** Work to be completed **
In the material below, the lines from the one containing "myyn kuvissa näkyvät" through the one containing "稲葉さん:甥っ子(3歳)と公" are to be given again exactly, ends included, and no others.

** Provided entries **
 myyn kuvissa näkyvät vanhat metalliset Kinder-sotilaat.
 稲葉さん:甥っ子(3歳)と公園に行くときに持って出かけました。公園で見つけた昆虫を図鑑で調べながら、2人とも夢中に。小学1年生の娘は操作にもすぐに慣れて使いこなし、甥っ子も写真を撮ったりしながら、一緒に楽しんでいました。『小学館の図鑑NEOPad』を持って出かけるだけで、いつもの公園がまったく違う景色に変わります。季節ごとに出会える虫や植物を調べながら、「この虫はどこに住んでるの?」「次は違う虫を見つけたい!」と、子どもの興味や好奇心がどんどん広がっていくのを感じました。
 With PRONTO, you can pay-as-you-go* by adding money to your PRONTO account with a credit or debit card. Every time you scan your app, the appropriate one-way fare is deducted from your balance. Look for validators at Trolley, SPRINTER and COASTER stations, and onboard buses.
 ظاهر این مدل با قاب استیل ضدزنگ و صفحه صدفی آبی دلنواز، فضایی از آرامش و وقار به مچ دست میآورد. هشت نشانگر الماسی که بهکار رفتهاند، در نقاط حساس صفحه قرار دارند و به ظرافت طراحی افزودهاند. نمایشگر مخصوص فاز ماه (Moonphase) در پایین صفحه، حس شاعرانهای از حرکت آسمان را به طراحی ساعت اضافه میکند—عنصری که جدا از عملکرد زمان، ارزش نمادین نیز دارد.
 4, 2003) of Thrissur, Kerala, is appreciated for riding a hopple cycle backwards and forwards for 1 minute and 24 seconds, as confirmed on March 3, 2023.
--
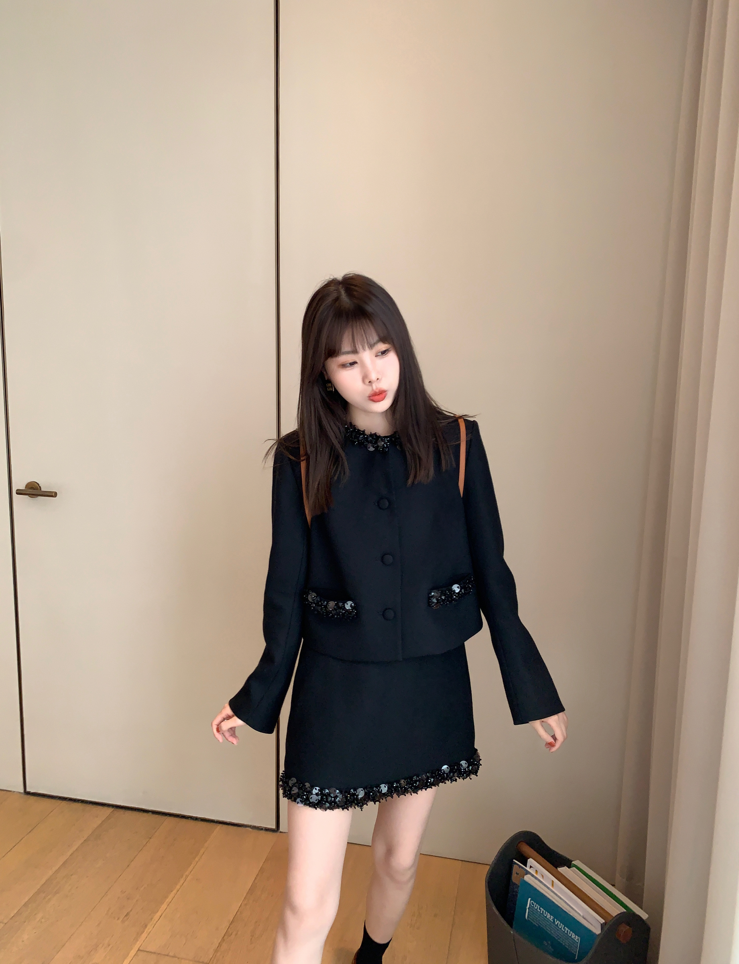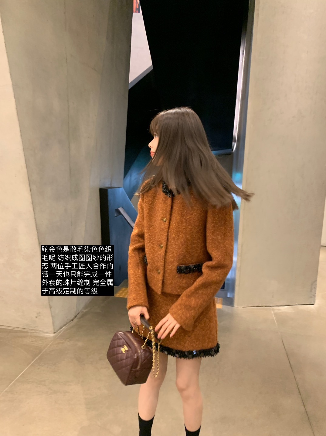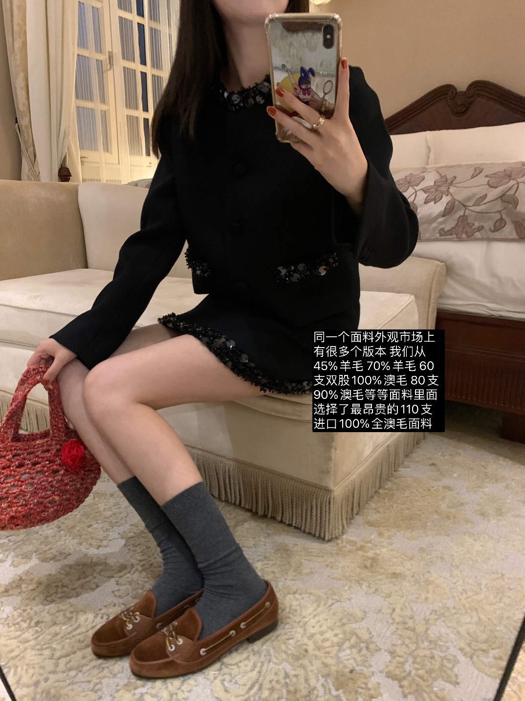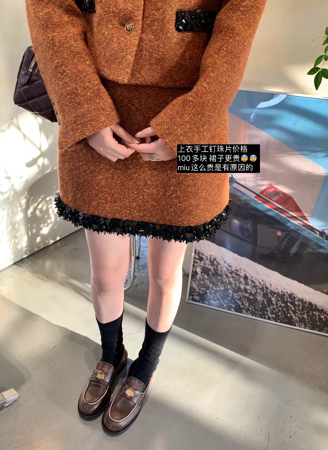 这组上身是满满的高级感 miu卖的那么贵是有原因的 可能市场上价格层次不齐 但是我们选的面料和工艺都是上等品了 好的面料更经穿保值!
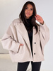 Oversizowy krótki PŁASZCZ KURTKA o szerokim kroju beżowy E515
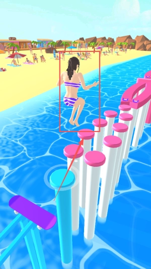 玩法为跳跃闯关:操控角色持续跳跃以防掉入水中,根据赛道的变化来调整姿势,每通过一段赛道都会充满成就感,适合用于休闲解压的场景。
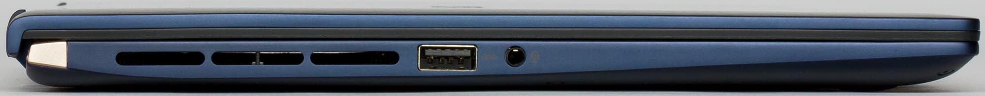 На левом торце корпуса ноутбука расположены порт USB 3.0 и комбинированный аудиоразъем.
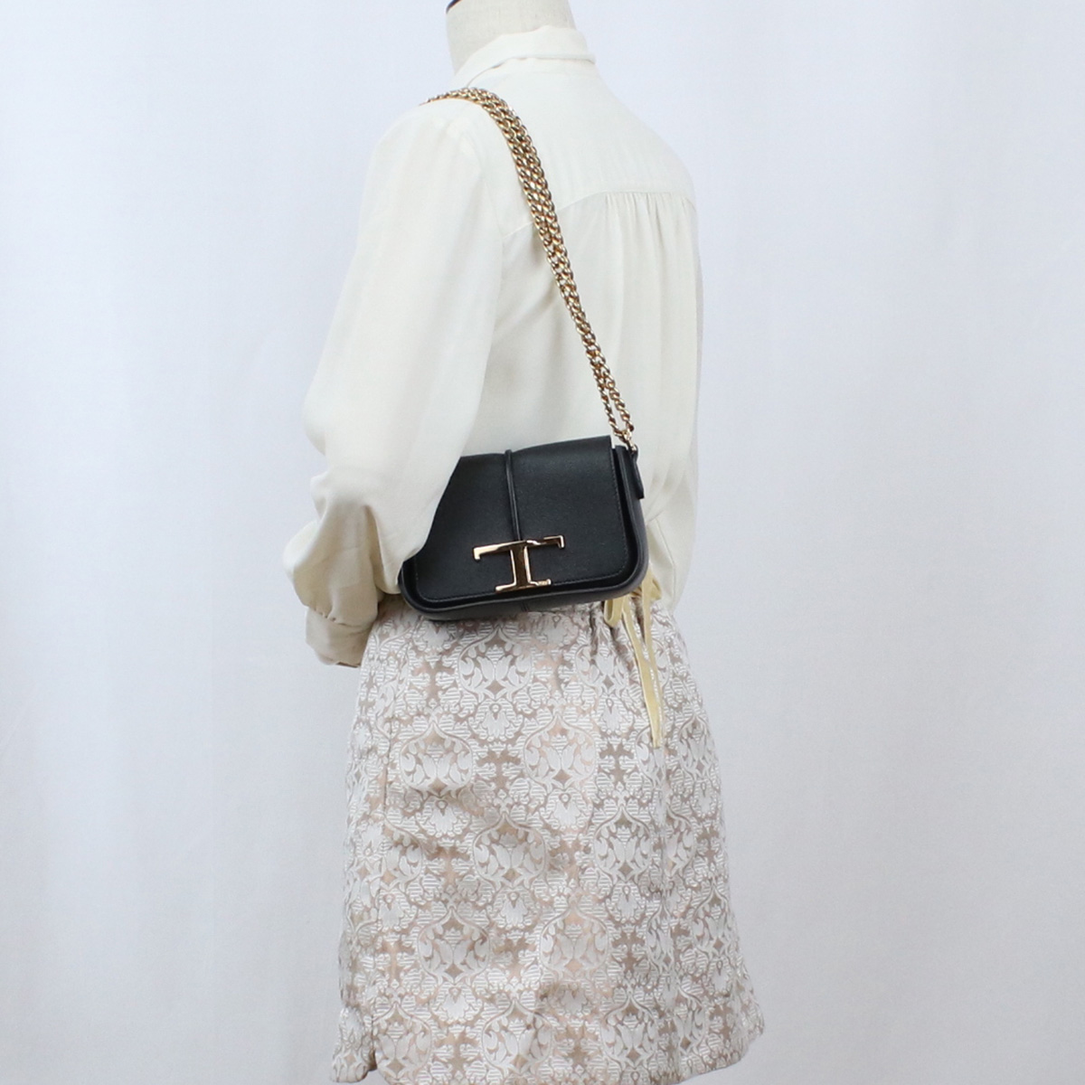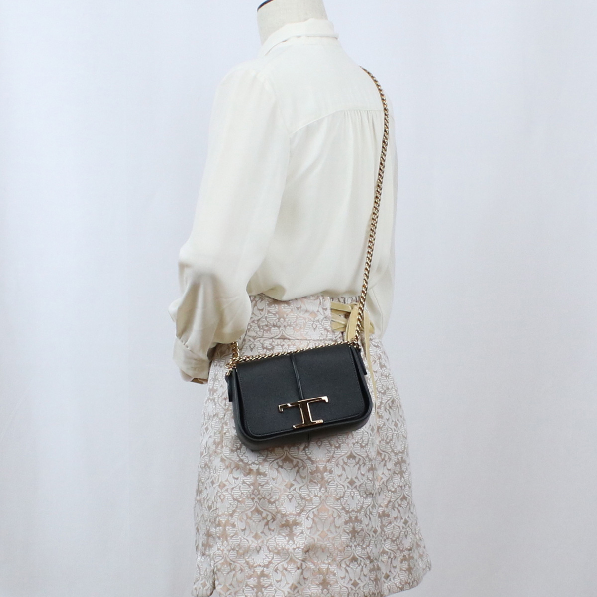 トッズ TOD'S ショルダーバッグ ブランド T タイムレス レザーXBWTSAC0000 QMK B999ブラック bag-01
--
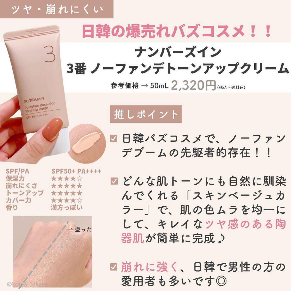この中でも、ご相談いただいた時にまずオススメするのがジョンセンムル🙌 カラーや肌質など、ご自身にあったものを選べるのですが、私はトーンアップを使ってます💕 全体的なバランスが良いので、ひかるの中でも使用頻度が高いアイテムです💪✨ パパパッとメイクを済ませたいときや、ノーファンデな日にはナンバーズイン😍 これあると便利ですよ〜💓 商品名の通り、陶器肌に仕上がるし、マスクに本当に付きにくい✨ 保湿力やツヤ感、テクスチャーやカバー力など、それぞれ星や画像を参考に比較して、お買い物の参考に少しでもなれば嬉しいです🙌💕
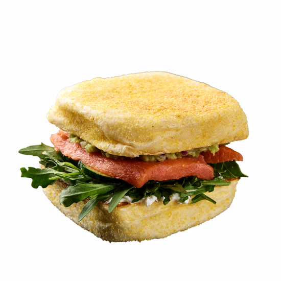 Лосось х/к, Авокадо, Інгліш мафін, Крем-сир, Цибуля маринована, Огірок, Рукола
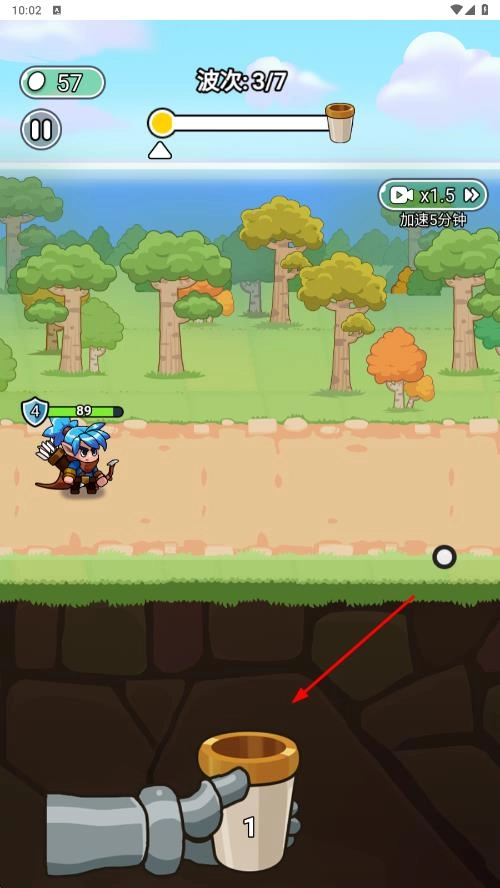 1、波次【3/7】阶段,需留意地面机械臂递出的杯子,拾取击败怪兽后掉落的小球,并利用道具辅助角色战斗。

** Response box **
 myyn kuvissa näkyvät vanhat metalliset Kinder-sotilaat.
 稲葉さん:甥っ子(3歳)と公園に行くときに持って出かけました。公園で見つけた昆虫を図鑑で調べながら、2人とも夢中に。小学1年生の娘は操作にもすぐに慣れて使いこなし、甥っ子も写真を撮ったりしながら、一緒に楽しんでいました。『小学館の図鑑NEOPad』を持って出かけるだけで、いつもの公園がまったく違う景色に変わります。季節ごとに出会える虫や植物を調べながら、「この虫はどこに住んでるの?」「次は違う虫を見つけたい!」と、子どもの興味や好奇心がどんどん広がっていくのを感じました。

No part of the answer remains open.